Jessica Collacott with Exomphalos and Ventricular Septal Defects (VSDs)

Country: England, United Kingdom
Jessica’s mother Emily wanted to write her story to promote the use of Multi-Function Patient Monitors and to help with our fundraising for one monitor

At my 20 week scan they discovered that my baby had a small Exomphalos (some bowel outside of the body). I had regular scans and an amnio & none of these showed that there was anything else wrong. So even though I’d had a c-section with my son (Ben) I was told they were happy for me to have a natural birth in Taunton & the baby would have surgery not long after being born. A few weeks earlier than expected on 20th July 2010 my waters broke at 07:00 and my baby was born at 13:20, it was a beautiful girl, I was allowed to have a cuddle then they put a plastic bag around her middle & took her down to NICU.

She was transferred to St Michaels NICU (Neo-natal Intensive Care Unit) in Bristol that evening.
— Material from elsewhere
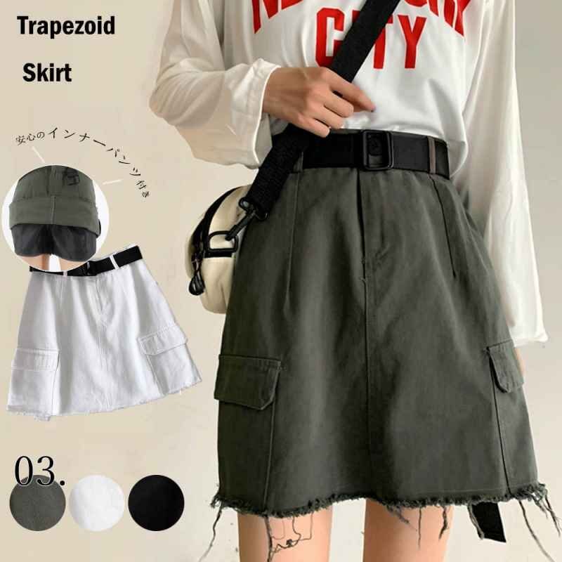 - ベルト付きスカート レディース ハイウエスト インナーパンツ スカート S ホワイト

When we got there they explained to us that because of the Exomphalos they had scanned the baby’s heart & renal function and had found a hole in her heart, though not to worry as a hole in the heart is quite common. I was given a room along the corridor from NICU which I was grateful for but missed being at home with Ben & my husband so was quite emotional. We decided to name her Jessica and when she was two days old she had an operation to put the bowel back inside her body. This went very well and Jessica was back in Taunton NICU at 9 days old to establish breastfeeding. We were told the symptoms of heart failure (a very scary word) and a follow up appointment was made to see a cardiologist in Taunton in about 6 weeks time.

Jessica was allowed home at 11 days old as she had taken to breastfeeding. She was quite a sleepy baby but not to unusual for a small baby and when she had a check up with a paediatrician in mid August they could not see any signs of heart failure. I remember thinking that things were now going to get better and we could enjoy being at home as a family. Then 5 days later Jessica was more sleepy than usual, had been sick a few times, and had a sweaty episode. I just knew that she wasn’t right so we took her to A&E, where she was seen very quickly. She went blue and her temperature had started to plummet, suddenly, then lots of doctors appeared. I felt helpless and very scared. They could not work out what was wrong with her, so they decided that she needed to be transferred to Bristol Royal Children’s Hospital PICU. The transfer team from Bristol came to get her, she was ventilated & sedated; at this point I felt exhausted and numb. My husband was away with work so my parents looked after Ben and I was allowed to travel up in an ambulance car. When I got to see Jessica she was hooked up to lots of drugs as well as being ventilated. It was horrible to see her like that but the nurses were great and explained everything to me. My husband managed to get to the hospital a few hours later. Jessica was very poorly and they were going to do lots of tests to work out what was wrong as they didn’t think it could be just down to the hole in the heart. None of the tests came back with anything, though a detailed ECHO of her heart actually showed that she has multiple holes (Ventricular Septal Defects [VSDs]) and poor heart function on the left side.

We were fortunate to get a room at the Ronald McDonald House so my husband and Ben could also stay up in Bristol. All of the grandparents were fantastic and helped look after Ben as well. Within a few days she was off the ventilator, up on to the cardiac ward (ward 32) and breastfeeding again. I remember thinking surely they must let us go home soon as she was doing so well.

They then decided Jessica needed an operation to put a PA band on to stop her flooding her lungs with blood, as they want her to grow bigger before operating on the holes due to one of the bigger muscular ones being in an awkward place. Jessica had this operation on Mon 6th Sept 2010. Leaving her at the theatre doors was horrible, we went into town to keep busy. I didn’t get to speak to the surgeon but was told the op went ok and that he’d talk to me tomorrow. The following day an ECHO showed that the band was too tight so they had to open her back up again on PICU to loosen it then and there. The wait in the parents room was horrible. Jessica then did really well and was off the ventilator and back up on ward 32 by the Friday. At the time, I was thinking hopefully we can go home soon and be a family again as I missed my little boy terribly (at this point he was mainly with my husband or grandparents as we wanted him to still be able to go to nursery/pre-school). But late that Sunday evening Jessica was quite restless & had an episode where she went grey and sweaty, though she seemed OK afterwards. A few hours later she was struggling to breath and her blood gases were very poor, thus, she was taken back down to PICU. The doctors told me it was touch and go and Jessica was put back on the ventilator and numerous drugs.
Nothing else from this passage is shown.